▶ _Data provided_:
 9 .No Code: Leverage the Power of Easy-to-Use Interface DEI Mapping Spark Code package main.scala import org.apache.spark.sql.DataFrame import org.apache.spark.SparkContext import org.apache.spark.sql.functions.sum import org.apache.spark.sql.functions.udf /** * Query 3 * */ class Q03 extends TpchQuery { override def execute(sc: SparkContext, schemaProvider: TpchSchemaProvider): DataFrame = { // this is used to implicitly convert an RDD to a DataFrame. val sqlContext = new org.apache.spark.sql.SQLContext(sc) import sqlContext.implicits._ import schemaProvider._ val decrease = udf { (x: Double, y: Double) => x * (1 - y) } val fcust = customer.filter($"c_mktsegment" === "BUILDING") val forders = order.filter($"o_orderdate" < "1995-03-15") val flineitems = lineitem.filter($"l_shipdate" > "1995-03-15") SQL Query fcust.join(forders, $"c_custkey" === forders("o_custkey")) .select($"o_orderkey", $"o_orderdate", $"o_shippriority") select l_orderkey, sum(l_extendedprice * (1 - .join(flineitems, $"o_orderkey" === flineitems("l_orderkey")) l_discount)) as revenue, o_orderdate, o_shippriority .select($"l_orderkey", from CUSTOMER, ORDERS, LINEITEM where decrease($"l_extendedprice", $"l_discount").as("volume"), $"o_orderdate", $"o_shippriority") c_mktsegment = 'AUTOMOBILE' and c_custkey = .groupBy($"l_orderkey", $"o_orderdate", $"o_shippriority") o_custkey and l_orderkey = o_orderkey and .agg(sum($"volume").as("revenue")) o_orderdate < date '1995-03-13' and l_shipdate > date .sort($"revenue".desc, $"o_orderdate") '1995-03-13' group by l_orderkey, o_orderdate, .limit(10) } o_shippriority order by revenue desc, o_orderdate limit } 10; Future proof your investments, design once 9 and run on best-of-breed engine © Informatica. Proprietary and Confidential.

==

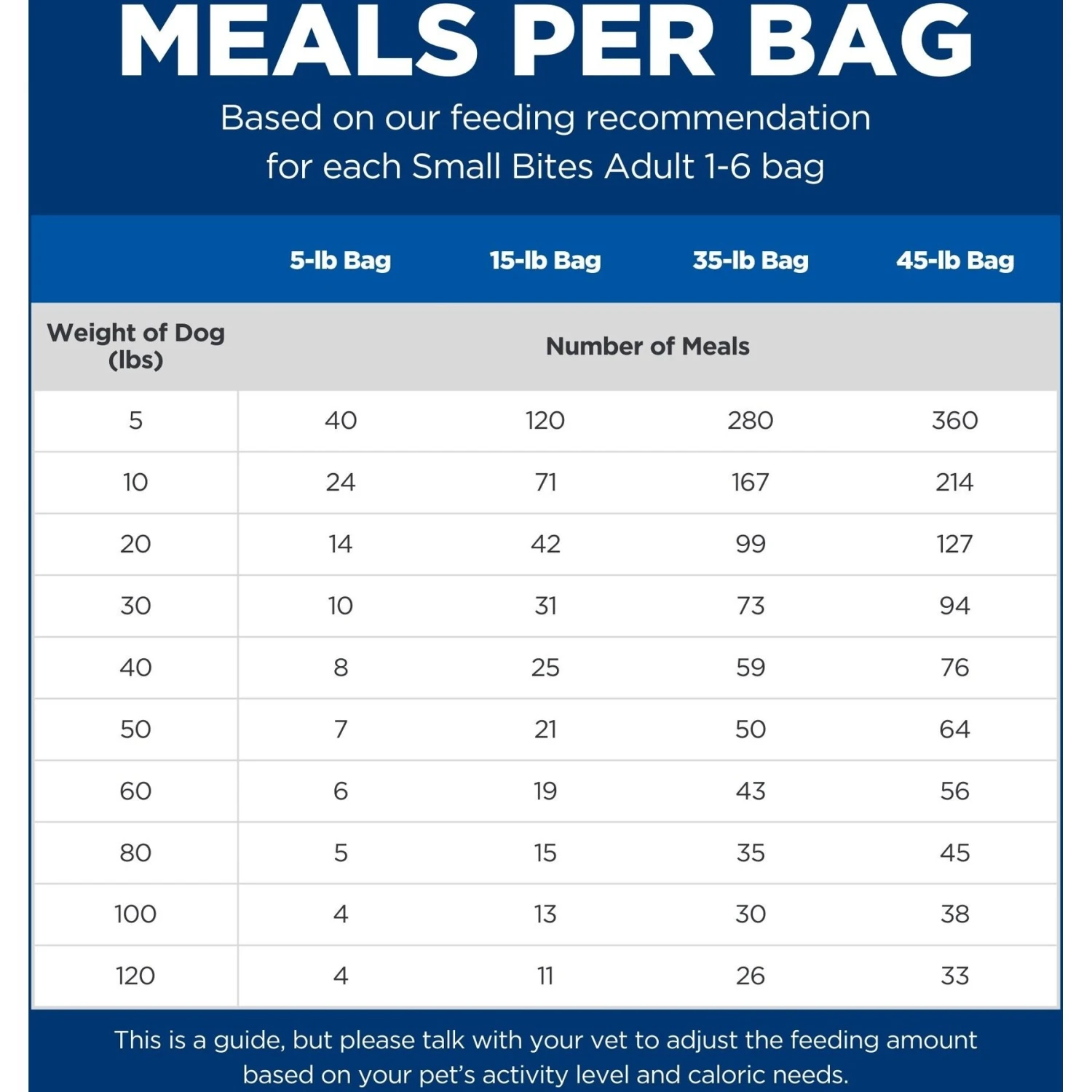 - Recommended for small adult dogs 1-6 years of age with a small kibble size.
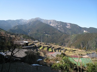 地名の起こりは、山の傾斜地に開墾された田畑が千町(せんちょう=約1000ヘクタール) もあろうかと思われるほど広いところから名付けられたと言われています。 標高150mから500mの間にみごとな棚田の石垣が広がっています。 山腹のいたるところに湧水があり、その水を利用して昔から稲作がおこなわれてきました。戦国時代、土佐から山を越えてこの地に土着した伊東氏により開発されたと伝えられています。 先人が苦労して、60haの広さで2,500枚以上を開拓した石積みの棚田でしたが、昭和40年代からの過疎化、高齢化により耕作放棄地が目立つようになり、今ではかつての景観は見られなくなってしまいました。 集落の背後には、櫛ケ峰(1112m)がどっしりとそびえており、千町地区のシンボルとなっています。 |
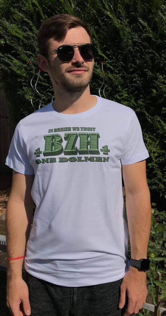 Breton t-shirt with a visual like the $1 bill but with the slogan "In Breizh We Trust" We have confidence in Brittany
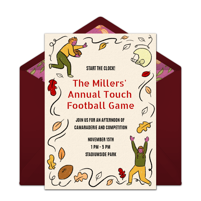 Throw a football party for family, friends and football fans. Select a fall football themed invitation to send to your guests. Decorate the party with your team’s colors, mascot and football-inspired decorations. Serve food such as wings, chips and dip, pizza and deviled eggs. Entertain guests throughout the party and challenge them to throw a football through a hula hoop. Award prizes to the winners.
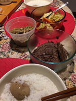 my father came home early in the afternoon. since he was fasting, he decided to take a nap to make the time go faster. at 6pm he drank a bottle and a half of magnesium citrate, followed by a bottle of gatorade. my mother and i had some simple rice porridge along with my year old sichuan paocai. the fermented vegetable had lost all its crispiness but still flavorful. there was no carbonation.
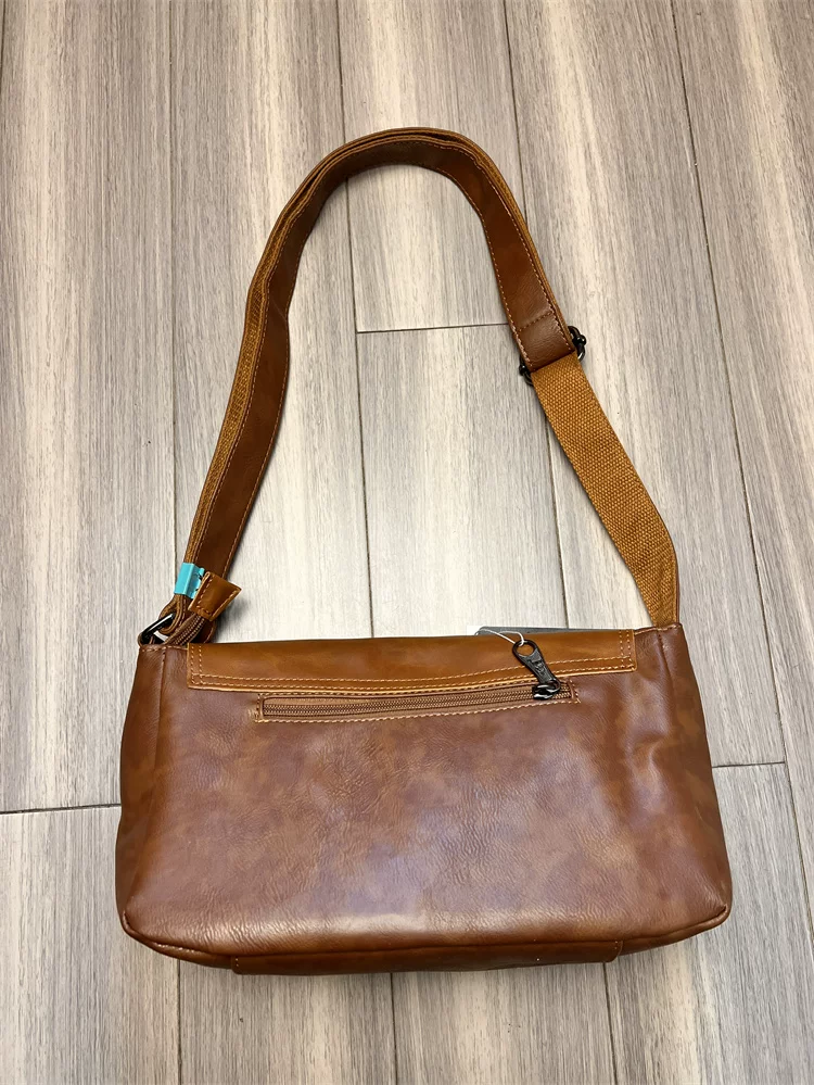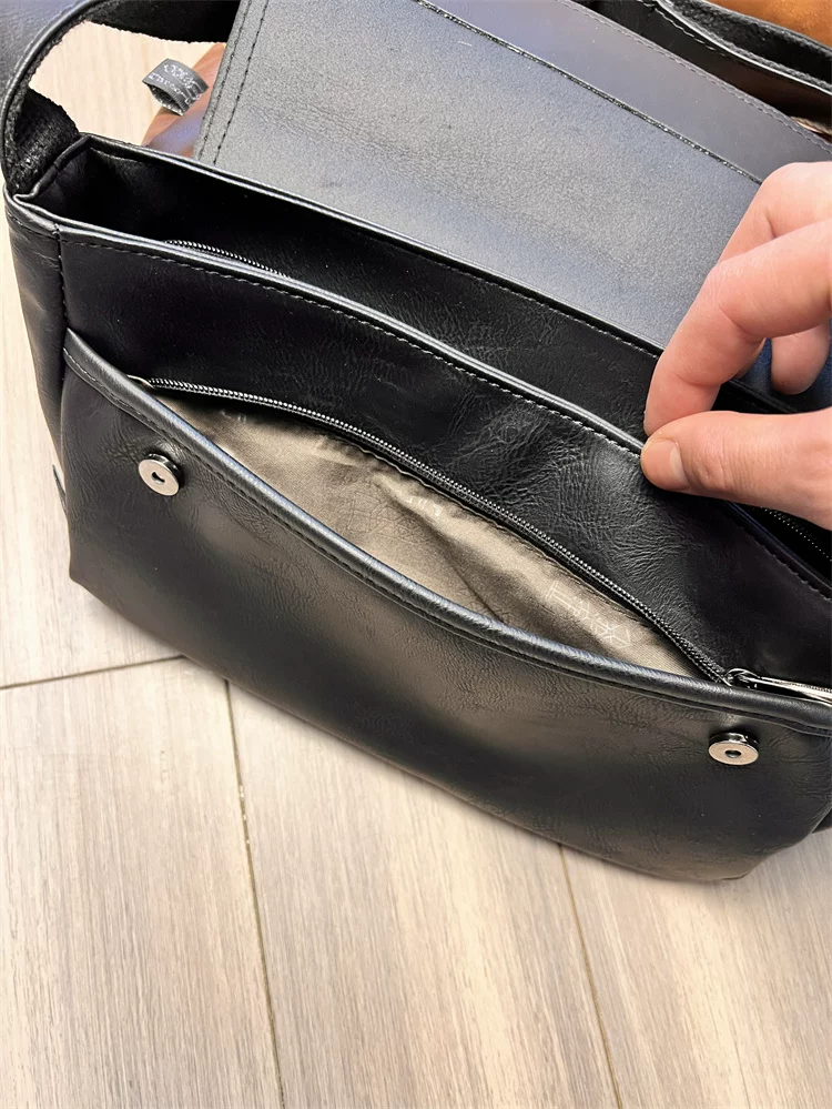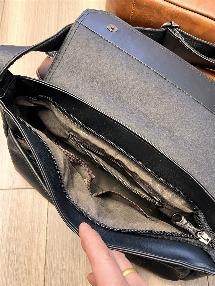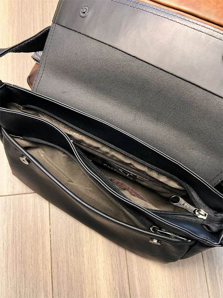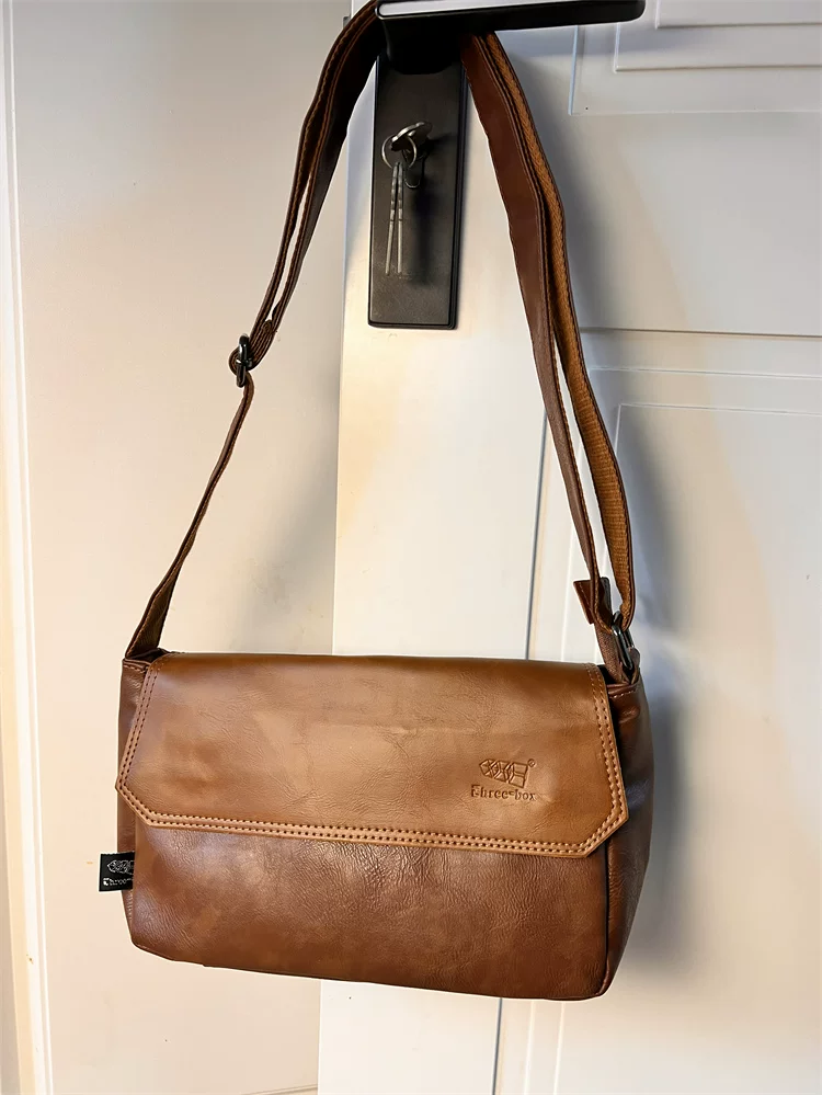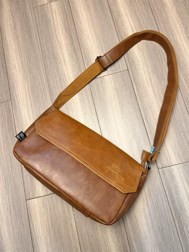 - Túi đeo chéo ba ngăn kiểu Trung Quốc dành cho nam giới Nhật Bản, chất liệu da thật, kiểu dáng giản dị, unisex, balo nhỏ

▶ _Instructions for the task_:
Among the entries above, locate the line with "- Recommended for" and the line with "- Túi đeo chéo". Give those two lines and all lines between them again, exactly, leaving out the pictures.

▶ _Answer box_:
 - Recommended for small adult dogs 1-6 years of age with a small kibble size.
 地名の起こりは、山の傾斜地に開墾された田畑が千町(せんちょう=約1000ヘクタール) もあろうかと思われるほど広いところから名付けられたと言われています。 標高150mから500mの間にみごとな棚田の石垣が広がっています。 山腹のいたるところに湧水があり、その水を利用して昔から稲作がおこなわれてきました。戦国時代、土佐から山を越えてこの地に土着した伊東氏により開発されたと伝えられています。 先人が苦労して、60haの広さで2,500枚以上を開拓した石積みの棚田でしたが、昭和40年代からの過疎化、高齢化により耕作放棄地が目立つようになり、今ではかつての景観は見られなくなってしまいました。 集落の背後には、櫛ケ峰(1112m)がどっしりとそびえており、千町地区のシンボルとなっています。 |
 Breton t-shirt with a visual like the $1 bill but with the slogan "In Breizh We Trust" We have confidence in Brittany
 Throw a football party for family, friends and football fans. Select a fall football themed invitation to send to your guests. Decorate the party with your team’s colors, mascot and football-inspired decorations. Serve food such as wings, chips and dip, pizza and deviled eggs. Entertain guests throughout the party and challenge them to throw a football through a hula hoop. Award prizes to the winners.
 my father came home early in the afternoon. since he was fasting, he decided to take a nap to make the time go faster. at 6pm he drank a bottle and a half of magnesium citrate, followed by a bottle of gatorade. my mother and i had some simple rice porridge along with my year old sichuan paocai. the fermented vegetable had lost all its crispiness but still flavorful. there was no carbonation.
 - Túi đeo chéo ba ngăn kiểu Trung Quốc dành cho nam giới Nhật Bản, chất liệu da thật, kiểu dáng giản dị, unisex, balo nhỏ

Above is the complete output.